Look below for the line containing "ZCZN 6 Pack" and the line containing "Sorbete de Açaí"; repeat exactly those two lines and all lines between them, and nothing else.

Data.
%%

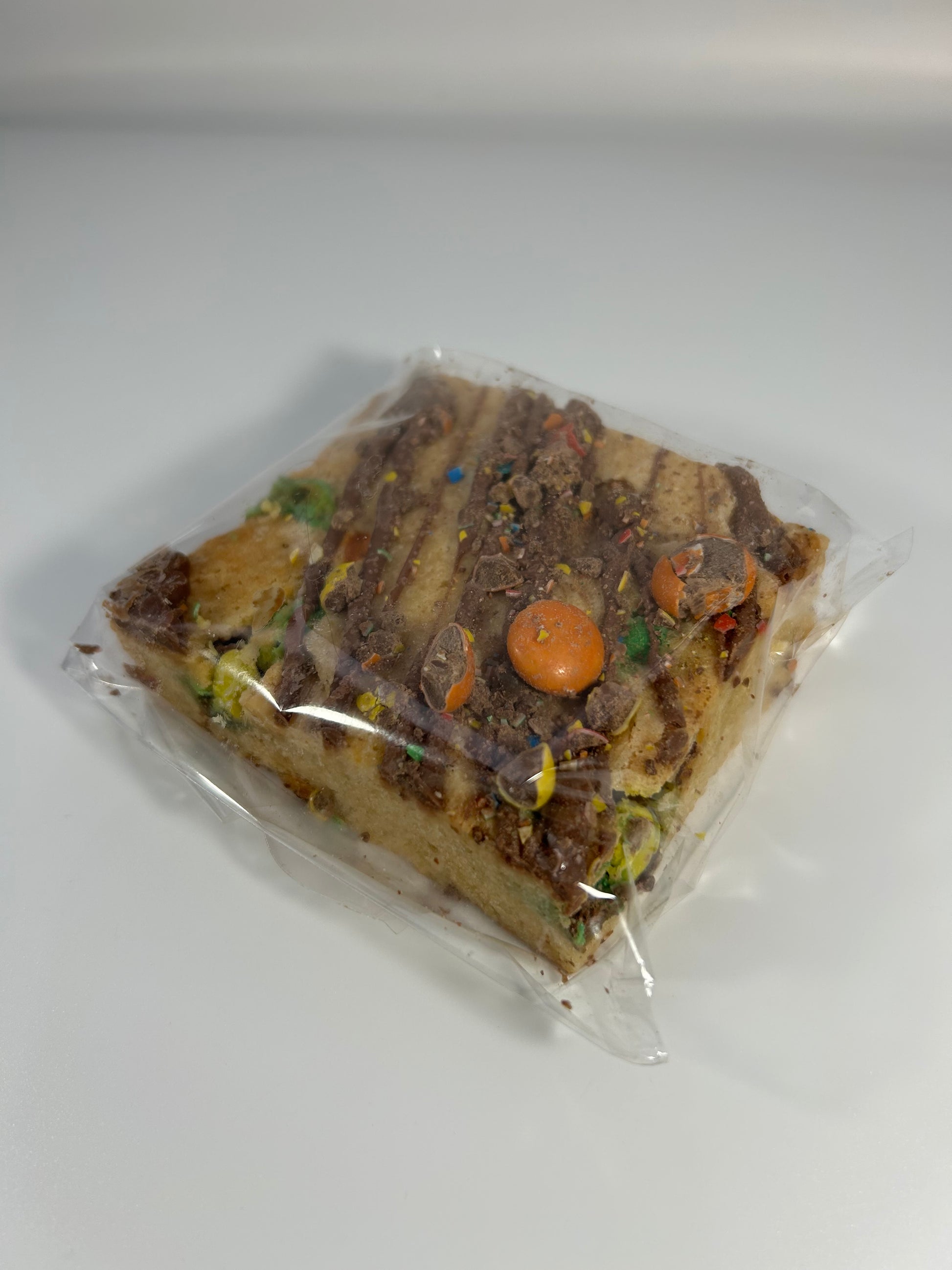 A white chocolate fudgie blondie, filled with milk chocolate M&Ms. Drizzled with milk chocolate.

%%
%%

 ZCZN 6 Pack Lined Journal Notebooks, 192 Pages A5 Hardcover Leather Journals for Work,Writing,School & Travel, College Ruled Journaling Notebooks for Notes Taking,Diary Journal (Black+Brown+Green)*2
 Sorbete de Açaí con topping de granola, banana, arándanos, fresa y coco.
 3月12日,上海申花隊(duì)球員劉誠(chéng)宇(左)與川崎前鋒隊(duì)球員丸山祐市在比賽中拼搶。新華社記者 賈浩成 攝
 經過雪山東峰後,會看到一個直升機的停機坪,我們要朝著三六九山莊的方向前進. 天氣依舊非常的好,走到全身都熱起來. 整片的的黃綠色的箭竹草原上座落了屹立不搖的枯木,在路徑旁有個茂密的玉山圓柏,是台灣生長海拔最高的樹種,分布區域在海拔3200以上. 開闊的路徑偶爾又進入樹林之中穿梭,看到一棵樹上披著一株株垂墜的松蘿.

%%

Result for this exercise.
 ZCZN 6 Pack Lined Journal Notebooks, 192 Pages A5 Hardcover Leather Journals for Work,Writing,School & Travel, College Ruled Journaling Notebooks for Notes Taking,Diary Journal (Black+Brown+Green)*2
 Sorbete de Açaí con topping de granola, banana, arándanos, fresa y coco.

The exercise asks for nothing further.